Below are some records. Output the lines from the first one through the line that holds "Dress With Ruffle", exactly as written, with no pictures.
Segment Start: Data extracts
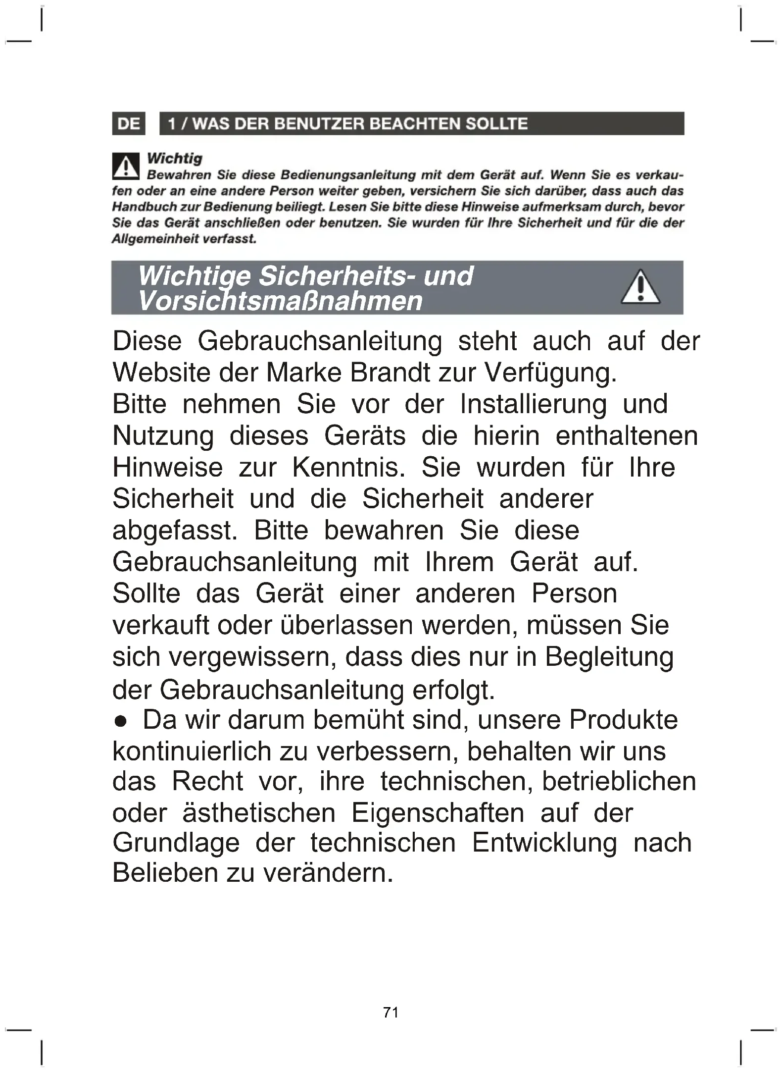 89Wichtige Sicherheits- und Vorsichtsmaßnahmen Diese Gebrauchsanleitung steht auch auf der Website der Marke Brandt zur Verfügung. Bitte nehmen Sie vor der Installierung und Nutzung dieses Geräts die hierin enthaltenen Hinweise zur Kenntnis. Sie wurden für Ihre Sicherheit und die Sicherheit anderer abgefasst. Bitte bewahren Sie diese Gebrauchsanleitung mit Ihrem Gerät auf. Sollte das Gerät einer anderen Person verkauft oder überlassen werden, müssen Sie sich vergewissern, dass dies nur in Begleitung der Gebrauchsanleitung erfolgt. ● Da wir darum bemüht sind, unsere Produkte kontinuierlich zu verbessern, behalten wir uns das Recht vor, ihre technischen, betrieblichen oder ästhetischen Eigenschaften auf der Grundlage der technischen Entwicklung nach Belieben zu verändern. 71● Damit Sie die Kenndaten Ihres Geräts in Zukunft problemlos wiederfinden, raten wir Ihnen, sie auf der Seite "Kundendienst" dieser Gebrauchsanleitung zu notieren. Wichtige Vorsichtsmaßnahmen Dieses Gerät wurde für die private Nutzung im Haushalt entwickelt. Verwenden Sie es deshalb nicht zu gewerblichen oder industriellen oder zu anderen als den bestimmungsgemäßen Zwecken.
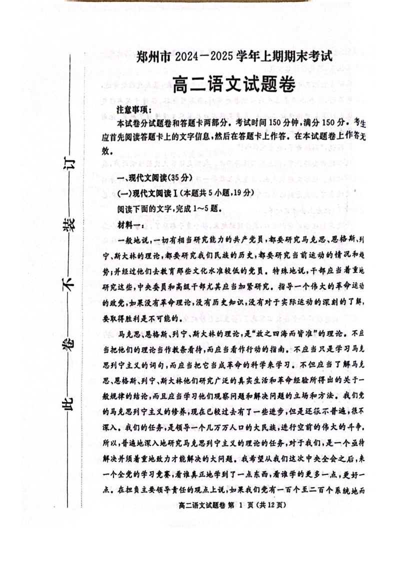 河南省郑州市2024-2025学年上学期1月高二期末考试语文+答案
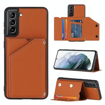 For Samsung Galaxy S21+ 5G Skin Feel PU + TPU + PC Back Cover Shockproof Case with Card Slots & Holder & Photo Frame(Brown)
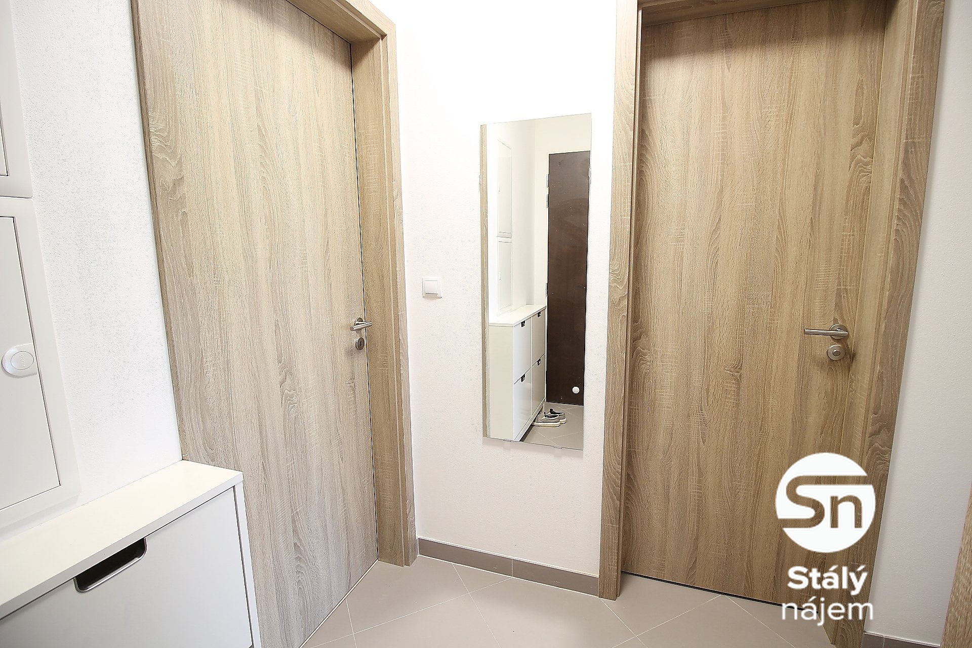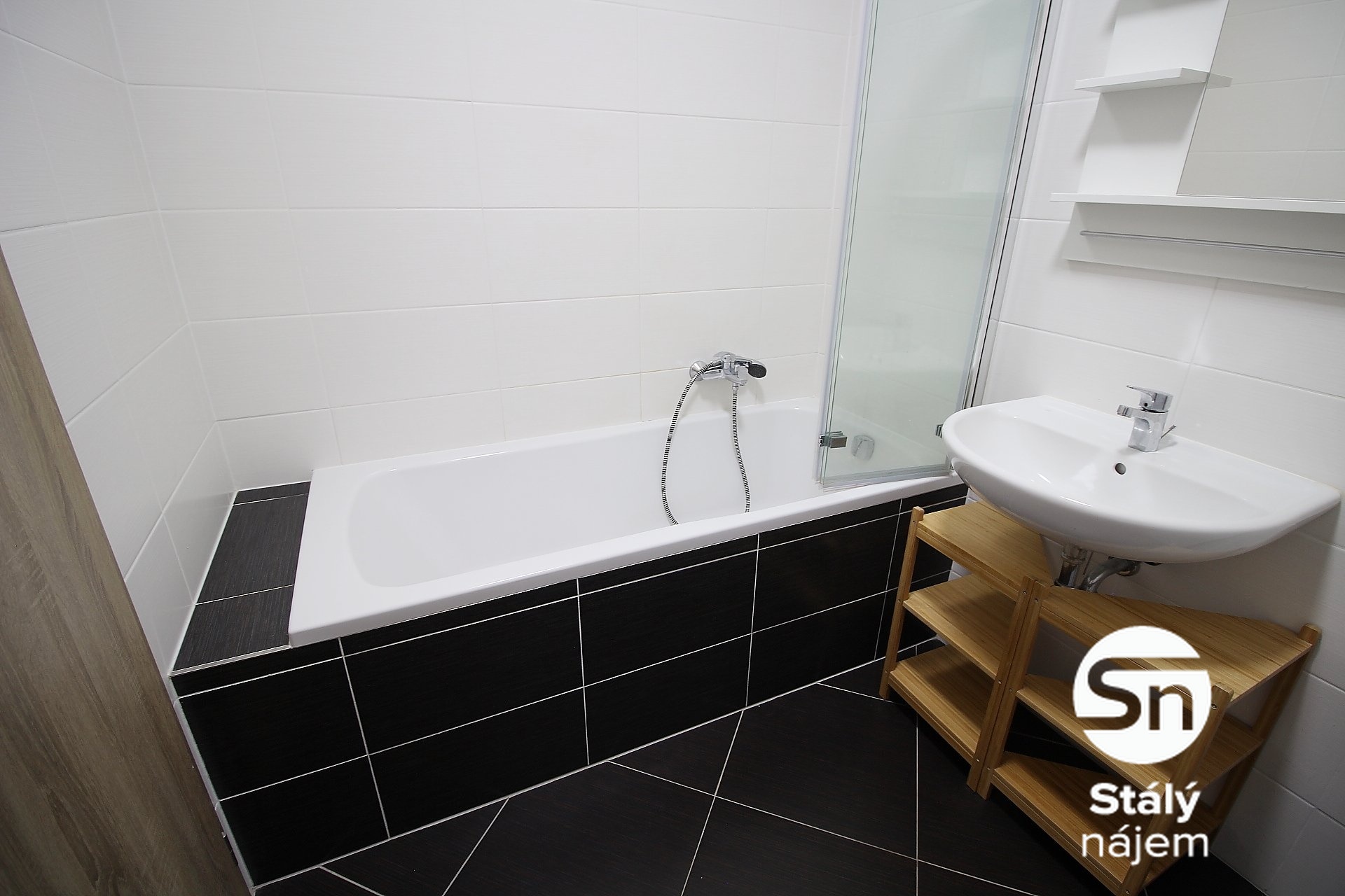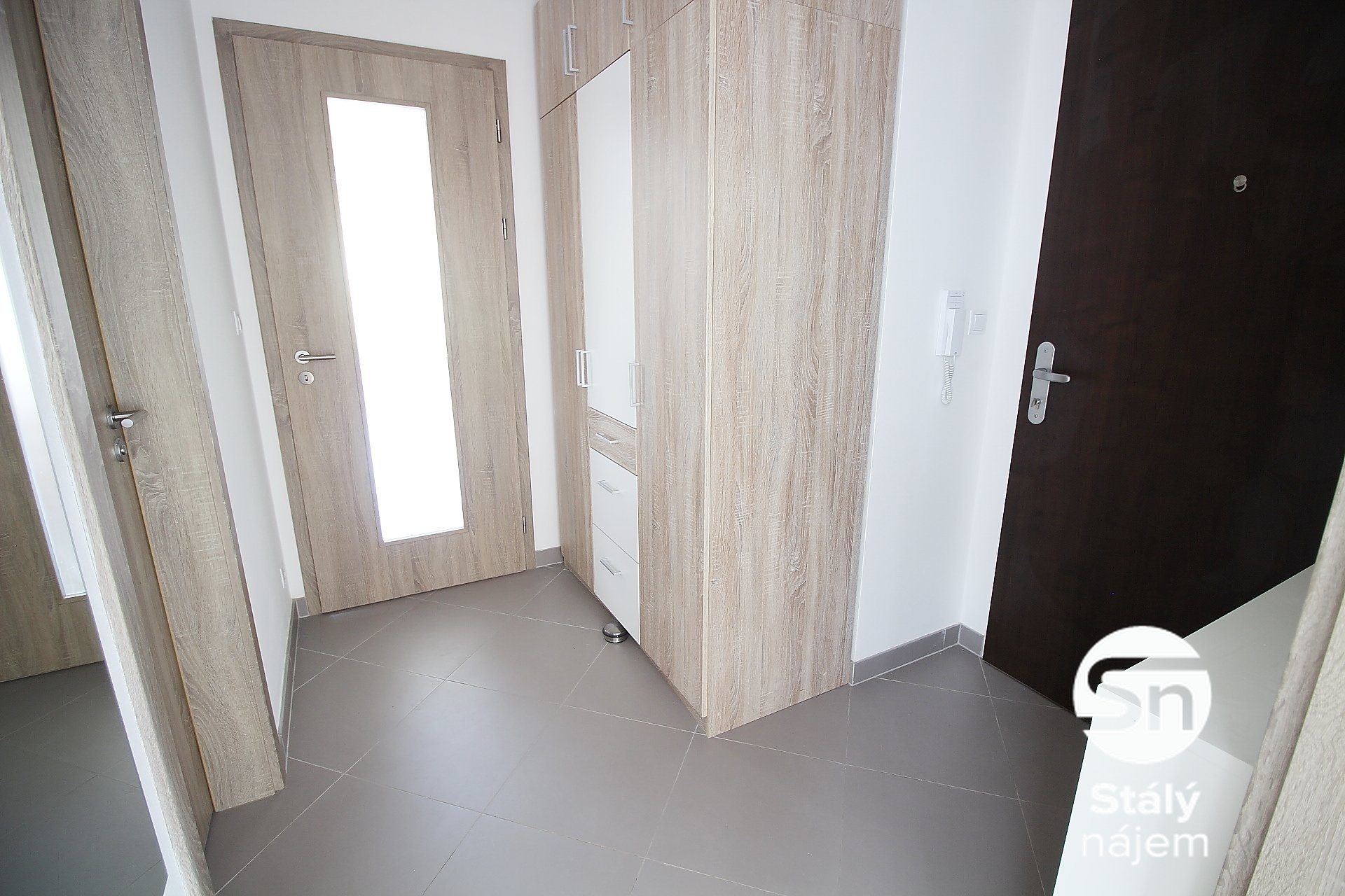 Obývací pokoj je spojen s moderním kuchyňským koutem vybaveným veškerými spotřebiči a doplněným o jídelní stůl se židlemi; v obývací části je pohodlná pohovka, komoda a TV stolek a z pokoje je vstup na balkon. Útulná ložnice je zařízena dvoulůžkovou postelí. Koupelna disponuje vanou a pračkou, toaleta je její součástí. V chodbě je k dispozici botník a šatní skříň.
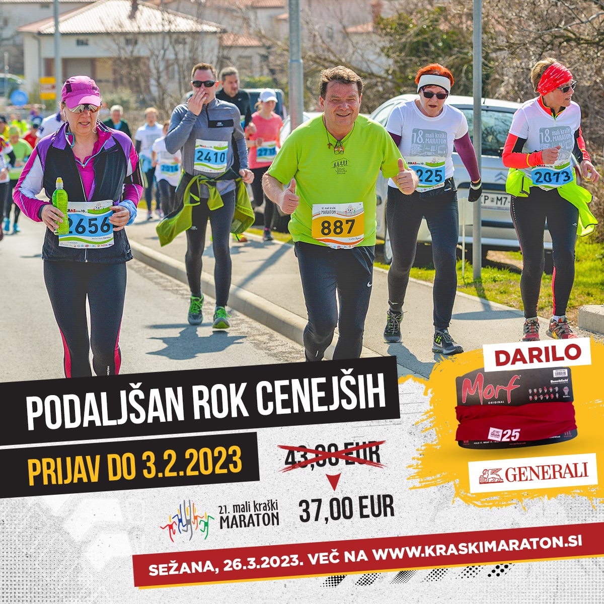 Do petka, 3.februarja, lahko svojo prijavo na MKM še vedno opraviš ceneje. Pa še prvih 100 prijavljenih od tega trenutka dalje prejme darilo Zavarovalnice Generali.
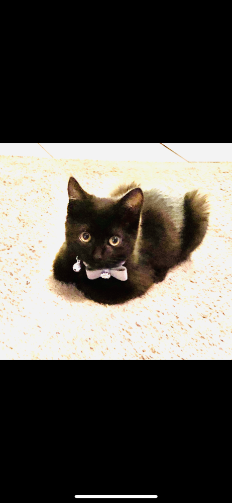 Pet Description:Very friendly black cat with gray collar with a bell. |
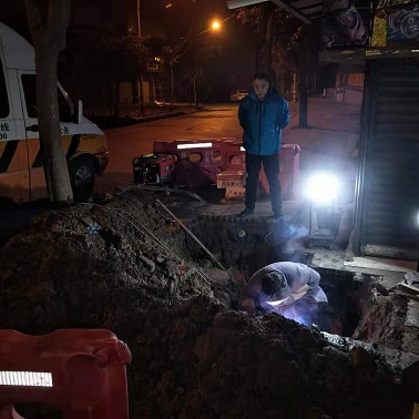 2月2日晚8點(diǎn)40分,接到市民報(bào)漏電話,位于晏家灣車站外的供水主管爆裂,部門立即組織人員趕往現(xiàn)場(chǎng)。經(jīng)查看確認(rèn)為一根DN150供水主管破裂,為了保障居民的正常用水,搶修人員連夜冒雨對(duì)供水管道進(jìn)行搶修,經(jīng)過5個(gè)小時(shí)的搶險(xiǎn)作業(yè),于次日凌晨1點(diǎn)完成搶修任務(wù),保障了該區(qū)域居民正常用水。
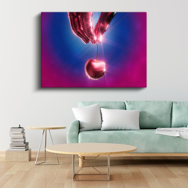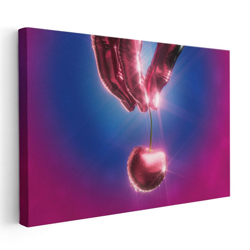 Kozmik Kiraz - Metalik Dokunuş Neon Işıltılı Kanvas Tablo
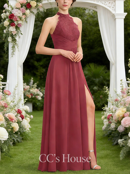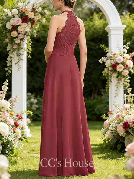 • Junior A-line Modest High Neck Floor-Length Lace Chiffon Bridesmaid Dress With Ruffle
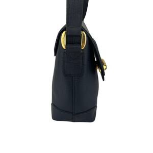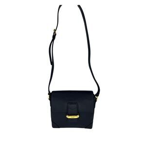 Crossbody bag in saffiano textured leather with adjustable shoulder strap and gold-tone hardware. Comes with dust cover. There is also a matching wallet available for sale.
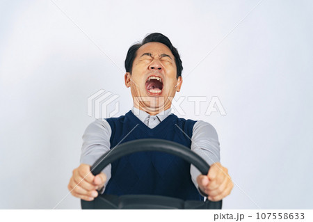 自動車事故を起こしそうになってパニックになっている高齢男性
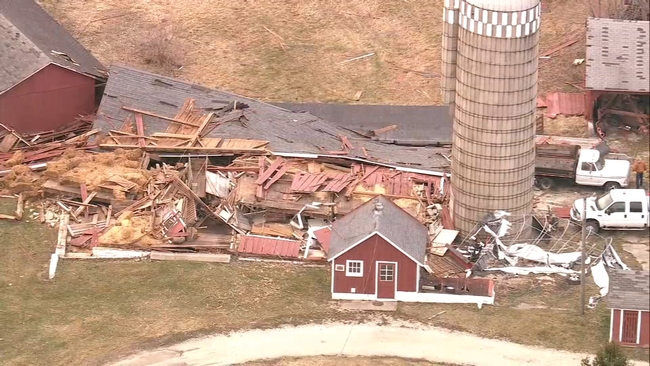 Some of the most substantial damage could be seen at the historic Reckinger farm near North Aurora. The farm's barn was toppled by the strong winds. Thankfully, no animals were present and the millions of dollars' worth of equipment is still intact, but the owner said he's never seen a storm like this come through before.
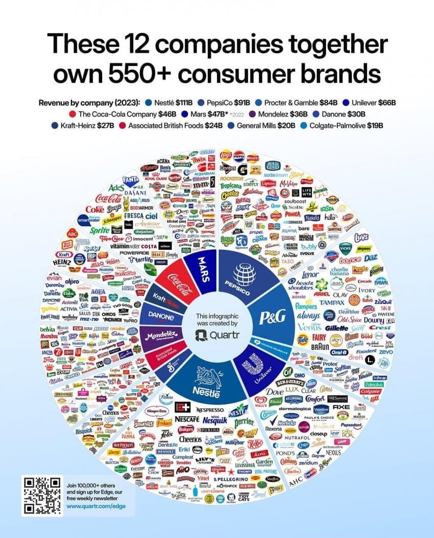 FMCG(Fast-Moving Consumer Goods) 분야의 세계적 기업들은 식음료, 생활용품, 화장품 등 소비재 시장에서 지배적인 영향력을 행사하고 있으며, 미국과 유럽에 본사를 둔 기업들이 대부분을 차지한다. 매출 규모 기준으로 살펴보면, 2023년 현재 **네슬레(Nestlé)**가 약 944억 달러 매출로 세계 최대 소비재 기업의 자리를 지켰고 , 그 뒤를 미국의 펩시코(PepsiCo) (약 860억 달러)와 프록터앤드갬블(P&G) (약 760억 달러) 등이 잇고 있다 . 영국-네덜란드계 생활용품 기업 **유니레버(Unilever)**도 약 630억 달러 매출로 상위권에 있으며 , 미국의 코카콜라(Coca-Cola) (약 430억 달러)와 프랑스의 로레알(L’Oréal) (약 390억 달러) 등이 글로벌 소비재 시장을 선도하고 있다  . 이러한 톱12 FMCG 그룹을 살펴보면 미국 기업이 절반 이상을 차지하며 (예: P&G, PepsiCo, Coca-Cola, Mondelez, Kimberly-Clark 등), 유럽 기업들도 네슬레(스위스), 유니레버(영국/네덜란드), 로레알·다논(프랑스) 등 다수를 차지한다  . 대륙별로 보면 북미와 유럽 기업들이 소비재 산업을 양분하고 있으며, 이들 다국적 기업 산하에 수백 개의 브랜드가 편입되어 전 세계 소비자 시장을 장악하고 있다. 예를 들어 네슬레는 커피(Nescafé), 생수(Perrier), 유아식 등 다양한 식품 브랜드 포트폴리오로 세계 식품시장에서 영향력이 절대적이며 , P&G는 기저귀(Pampers), 세제(Tide), 면도날(Gillette) 등 가정용품 분야의 다수 글로벌 브랜드를 거느리고 있다. 미국과 유럽 본사의 상위 12개 소비재 그룹이 전 세계 소비재 시장을 주도하고 있으며, 중국이나 신흥국 출신의 글로벌 FMCG 거대기업은 아직 나타나지 않고 있는 분포를 보인다.
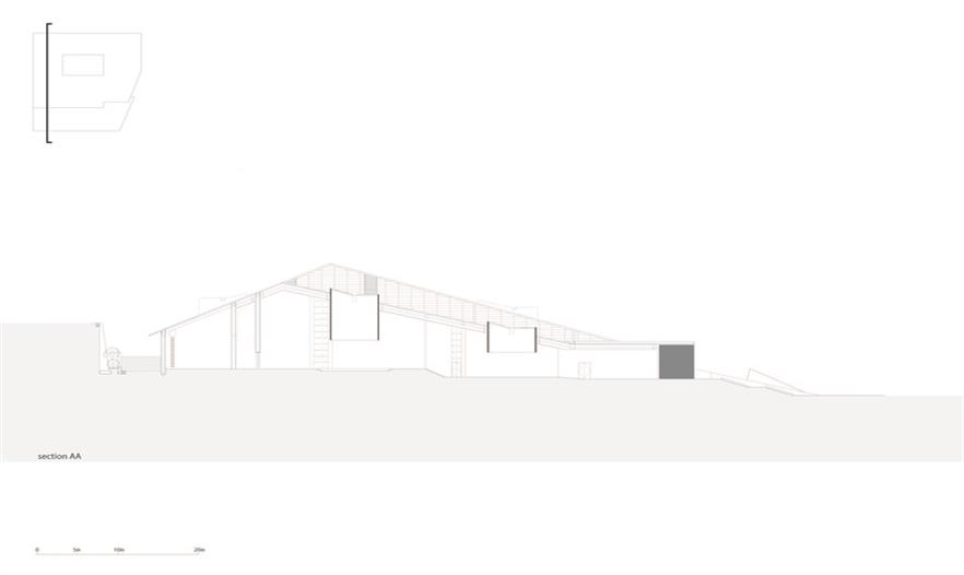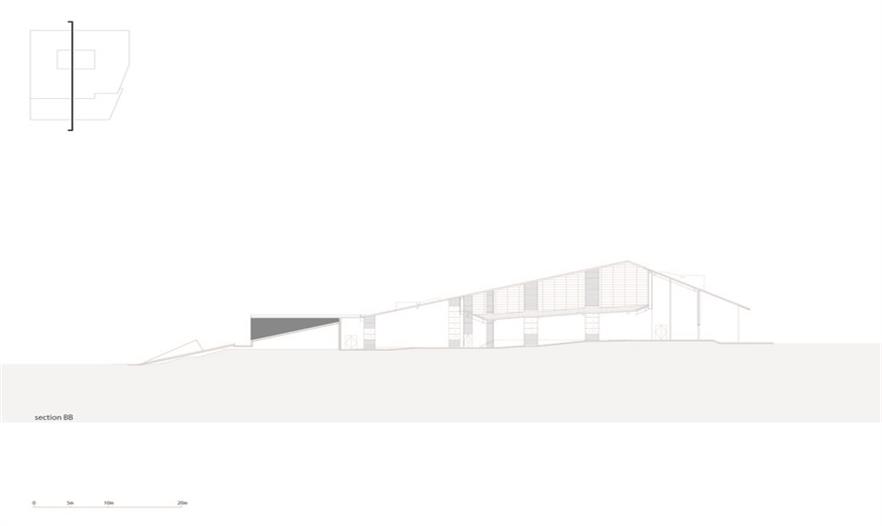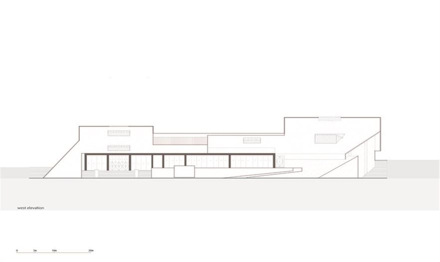 建筑師在建筑物的不同部位選用不同的材料:有些部分如墻面的材料還刻意以防滲劑浸泡石材,希望保持丹霞石切割時(shí)的鮮紅狀態(tài);而屋面則采用孔隙率高的丹霞石,最好大面積的長(zhǎng)出青苔......
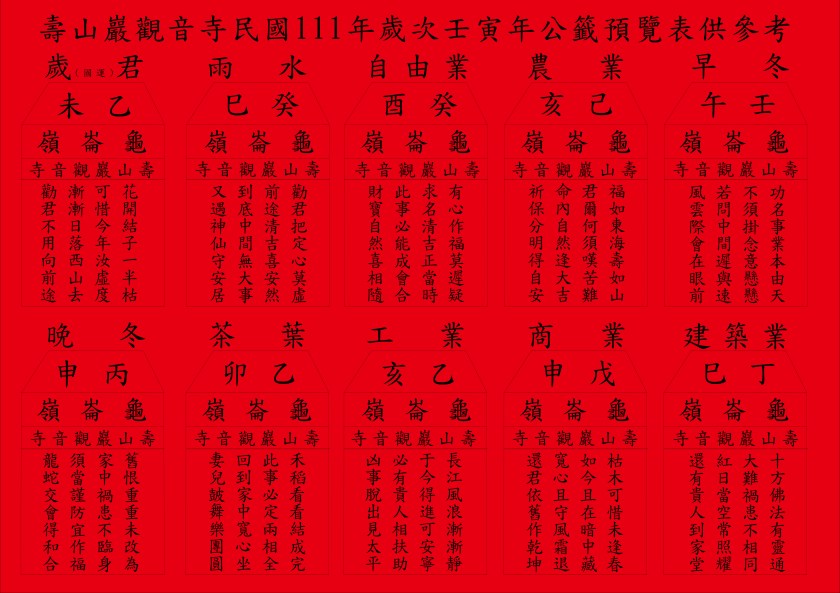 壽山巖觀音寺於二月三日(農曆初三)舉行壬寅年抽公籤儀式,由董事長林正峰抽出國運籤為六十甲子籤的「乙末籤」,籤詩為「花開結子一半枯、可惜今年汝虛度、漸漸日落西山去、勸君不用向前途」。嘉義新港奉天宮於二月四日(農曆初四)抽出的國運籤,與壽山巖觀音寺屬同一支「乙未籤」,是巧合還是天機?
Segment End: Data extracts
| Exercise solution |
 89Wichtige Sicherheits- und Vorsichtsmaßnahmen Diese Gebrauchsanleitung steht auch auf der Website der Marke Brandt zur Verfügung. Bitte nehmen Sie vor der Installierung und Nutzung dieses Geräts die hierin enthaltenen Hinweise zur Kenntnis. Sie wurden für Ihre Sicherheit und die Sicherheit anderer abgefasst. Bitte bewahren Sie diese Gebrauchsanleitung mit Ihrem Gerät auf. Sollte das Gerät einer anderen Person verkauft oder überlassen werden, müssen Sie sich vergewissern, dass dies nur in Begleitung der Gebrauchsanleitung erfolgt. ● Da wir darum bemüht sind, unsere Produkte kontinuierlich zu verbessern, behalten wir uns das Recht vor, ihre technischen, betrieblichen oder ästhetischen Eigenschaften auf der Grundlage der technischen Entwicklung nach Belieben zu verändern. 71● Damit Sie die Kenndaten Ihres Geräts in Zukunft problemlos wiederfinden, raten wir Ihnen, sie auf der Seite "Kundendienst" dieser Gebrauchsanleitung zu notieren. Wichtige Vorsichtsmaßnahmen Dieses Gerät wurde für die private Nutzung im Haushalt entwickelt. Verwenden Sie es deshalb nicht zu gewerblichen oder industriellen oder zu anderen als den bestimmungsgemäßen Zwecken.
 河南省郑州市2024-2025学年上学期1月高二期末考试语文+答案
 For Samsung Galaxy S21+ 5G Skin Feel PU + TPU + PC Back Cover Shockproof Case with Card Slots & Holder & Photo Frame(Brown)
 Obývací pokoj je spojen s moderním kuchyňským koutem vybaveným veškerými spotřebiči a doplněným o jídelní stůl se židlemi; v obývací části je pohodlná pohovka, komoda a TV stolek a z pokoje je vstup na balkon. Útulná ložnice je zařízena dvoulůžkovou postelí. Koupelna disponuje vanou a pračkou, toaleta je její součástí. V chodbě je k dispozici botník a šatní skříň.
 Do petka, 3.februarja, lahko svojo prijavo na MKM še vedno opraviš ceneje. Pa še prvih 100 prijavljenih od tega trenutka dalje prejme darilo Zavarovalnice Generali.
 Pet Description:Very friendly black cat with gray collar with a bell. |
 2月2日晚8點(diǎn)40分,接到市民報(bào)漏電話,位于晏家灣車站外的供水主管爆裂,部門立即組織人員趕往現(xiàn)場(chǎng)。經(jīng)查看確認(rèn)為一根DN150供水主管破裂,為了保障居民的正常用水,搶修人員連夜冒雨對(duì)供水管道進(jìn)行搶修,經(jīng)過5個(gè)小時(shí)的搶險(xiǎn)作業(yè),于次日凌晨1點(diǎn)完成搶修任務(wù),保障了該區(qū)域居民正常用水。
 Kozmik Kiraz - Metalik Dokunuş Neon Işıltılı Kanvas Tablo
 • Junior A-line Modest High Neck Floor-Length Lace Chiffon Bridesmaid Dress With Ruffle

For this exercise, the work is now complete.